Review: Maria, Just Maria by Sandhya Mary
Translated by Jayshree Kalathil
Review by Vandana Nair
HarperCollins India, 244 pages, $29 paperback
The closest encounter I’ve had with a mad person was with Fajlu, a homeless man who lived on the street facing my grandfather’s home. He had no possessions. His clothes were worn and filthy; his hair and beard, unkempt. He sat leaning against the wall, mostly quiet, only looking alert when Lala, the tea vendor whose stall was on the same street, fed him biscuits and tea. As kids, we’d try to go near Fajlu but we'd squeal and scatter, terrified, when he frowned, squinted his eyes, stuck out his tongue, or brandished his stick like a sword to scare us away. Reading Sandhya Mary’s debut novel, Maria, Just Maria (2024) translated from the Malayalam by Jayshree Kalathil, conjured these childhood memories I’m not very proud of. Maybe he was not mad; maybe some foolish kids like me, who did not understand madness, drove him mad.
What drew me to Maria, Just Maria, is its unapologetic interest in madness—Maria’s scatterbrained, neglected-child madness, her grandfather, Geevarghese’s toddy-induced madness, Anna Valyamma’s dementia-induced madness, her dog Chandipatti’s philosophical madness, Mathiri Valyammachi’s prophesying madness, within the Syrian Christian community of Kerala where strict codes of gender, religion, and propriety carry their own derangements. It pits these atypical mental states against societal expectations, where they provoke fear, avoidance, or laughter—until that laughter turns uneasy, and the questions of who or what defines normalcy become unavoidable.
The novel begins when Maria falls silent after the death of her grandfather, Geevarghese. As a result, she is placed in a psychiatric hospital to “reconnect with reality,” which initiates her fragmented recollections of growing up as “just Maria” in a Syrian Christian family in Kerala, not with her parents but with her grandparents. Her grandfather, Appachan, is the emotional and spiritual anchor of her life. The narrative moves back and forth in time, piecing together Maria’s childhood, family, and memories, often blurring the lines between reality and inventions of a scattered mind. Maria’s accounts of her “Papa, Mama, siblings” highlight her parents’ abandonment of a less-than-perfect child. Despite her silence and unreliable, fragmented recall, Maria’s point of view becomes the boldest device in Sandhya Mary’s writing as it forces us to question what is real, what is imaginary, and whether her “madness” is just another way of resisting conventionality.
The readers experience Maria’s inner world through her broken recollections of adventures with her grandfather around their ancestral home, Kottarathil Veedu, and their village, lush with greenery, rivers, and fields as fertile as her mind, where the rhythms of land often mirror the rhythms of her memory. The village becomes a symbolic space where she feels most at home, where she finds company with a great-aunt with dementia who challenges Maria’s position as the youngest in the family; where she talks to her dog Chandipatti, who–besides being utterly philosophical—wants a just world for animals; where she finds laughter in the prophecies of a long-dead, eccentric great-grandmother; where she holds long conversations with Karthav Eesho Mishiha—Lord Jesus the Messiah—who listens to her silence and grief; where she playfully banters with Geevarghese Sahada, St.

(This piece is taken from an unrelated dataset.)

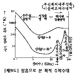 우주잡음은 주파수 낮으면 증가하고 하한의 주파수를 결정하는 요소로된다. 대기잡음 중에서 공전은 낮은 주파수이고, 대기의 기체분자나 수증기 등의 흡수에 열잡음이나 대지의 열잡음 등은 높은 주 스머층의 주파수 문제로 된다(제9도) 단, 높은 주파수에서의 상한을 결정하는 요소는 수신기의 내부 잡음인 경우가 많다. 지구국의 수신기에 내부잡음이 적은 메이저나 또는 잡음이 적고 대역폭이 넓은 앵각 파라메트릭 증폭기가 사용되고 있는 것은 이 때문이다.

George—the patron saint of the Syrian Christian community of Kerala—whose busybody interventions in everyday affairs lead to comic episodes. The physical setting, complete with fascinating, eccentric characters, provides emotional heart to a neglected Maria, who grows among them from child to woman, piecing together her story of a lonely child-woman trying to find a place she can claim as her own in a mad, mad world. Sandhya Mary ends her beautiful story with two words, “Poor Maria,” speaking for all lost souls who are emotionally sane but don’t fit in a rigid, conventional society, their deepest desire reflected in Maria’s words to her dead grandfather:
“It’s not a question of belief, Appacha. It is a question of belonging. It’s about being with the people we know, in a place we are familiar with. A place where we belong because of who we are, no matter what we do in our lives.”
Sandhya Mary writes with spontaneous, childlike freshness and curiosity, blending humor, playfulness, and almost a tragicomic cultural rootedness. Her voice intertwines cultural as well as tragicomic registers: the mischievous humor that comes from mocking cultural norms; the irony that exposes social contradictions; the sadness that expresses itself through absurdness; the navigation of community pressures that creates dogged resilience. She writes in broken, non-linear, incomplete fragments to depict Maria’s trauma. She shifts tone and perspective to toggle the narrative between grief, memory, humor and dream-like inventiveness. Her craft choice of blurring the lines between everyday inanities and the sacred—of Maria’s everyday conversations with her Lord Jesus and St. George—is bold and speaks of a humanistic worldview that does not separate faith from life. The novel feels at once literary, psychological, and faintly magical, though it refuses the polish of magic realism.
Jayshree Kalathil ensures that the translation is faithful to fragmentation, a disjointed voice undergoing trauma, and non-linear narration of the original Malayalam text that spreads like a messy, coarse, Kerala handloom bedsheet. She curbs the scholarly urge to smooth the lines of the narrative and retains colloquial terms of endearments like Appachan, Karthav Eesho Mishiha, Vallyamma, rather than substituting them with all-purpose English equivalents. In this way, the translation, along with the cultural specificity of the original Malayalam text, is grounded in the Kerala Syrian Christian tradition and reads less like an adaptation. That said, Kalathil ably bridges the linguistic texture between the two languages, ensuring clarity for readers unfamiliar with Kerala’s traditions and colloquialisms. The tragicomic banter between Maria and the divine saints, for example, preserves the tonal duality of the dialogues. Imagine this poster that has the image of Lord Jesus Christ in Maria’s hospital room with the words:
“Listen, I stand at the door and knock. If any hear and open the door, I will come into their house and eat with them, and they will eat with me.
Maria reads this and says: ‘Listen, it’s not good to have this self-confidence when you expect someone to feed you for free out of the goodness of their heart.’”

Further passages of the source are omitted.